Петров увлекся было войной, ему понравилось, на его счету было уже девятнадцать самолетов, уже один пленный летчик давал интервью «Правде» про то, как во время ночной бомбежки его внезапно снизу подстрелил республиканский пилот, никогда такого не было, он просто свидетельствует свое уважение этому асу. «Правда» не писала про то, что летчик этот, немец, действительно выразил желание побеседовать с Петровым. И уж конечно, там не было подробностей беседы: немец, как выяснилось, очень прилично говорил по-русски. Ему было под сорок. «Я учился в Липецке, да. Прекрасный город. Снимал квартиру с семьей на улице Розы Люксембург, да. Красивая улица, спуск прямо к реке». Решительно все в этой стране говорили по-русски, обучались в России или участвовали в Гражданской войне, и Петров не удивился бы, если б председатель республиканского правительства Негрин, вручая ему золотые часы после пятого сбитого франкиста, заговорил с ним по-русски, с волжским оканьем; но тот всего лишь признался, что в науке считает себя более учеником Павлова, нежели Фрейда. Негрин был ученый по всем этим делам, нервные клетки и все такое. «Но у меня русская жена», – добавил он, словно оправдываясь, и сказал по-русски: «Тюфяк»; «Тюфяк – это я».
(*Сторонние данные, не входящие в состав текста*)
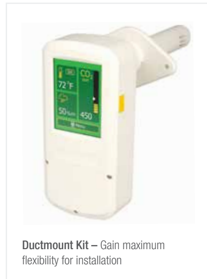
Ductmount Kit – Gain maximum flexibility for installation

– Вы классный летчик, – сказал немец, пожимая руку Петрову; Петров только потом сообразил, что подавать руку фашисту не надо бы, но ведь наш, липецкий! – Мы сейчас воюем, но это короткая война. Нам предстоит еще сражаться рядом против Англии, против Америки, русские нам видятся как союзники. Вы скоро увидите. Летчик вообще воюет с одной только вещью, он воюет с тягостью, с тяготением. Когда нам прикажут, мы можем стрелять друг в друга, но
Немец показался неприятно высокомерным, непонятно было, кто у кого в плену. Он как будто знал что-то, чего не могли понять испанцы, но мог бы понять Петров; он ему словно подмигивал, а Петров не хотел с ним перемигиваться и тем более запоминать его фамилию. Было ощущение, что он обещал замолвить слово о Петрове перед каким-то общим начальством, о котором Петров вдобавок не знал. И немца в самом деле выдали, когда дождались повода: Жека Грошев неудачно спарашютировал на территории франкистов, сломал ногу, его в бессознательном состоянии фотографировали с белым платком, якобы сдавался, потом лечили, потом держали в тюрьме, имитировали расстрел и в конце концов выменяли, после чего выслали домой; немцев, конечно, держали тут комфортней, а зря.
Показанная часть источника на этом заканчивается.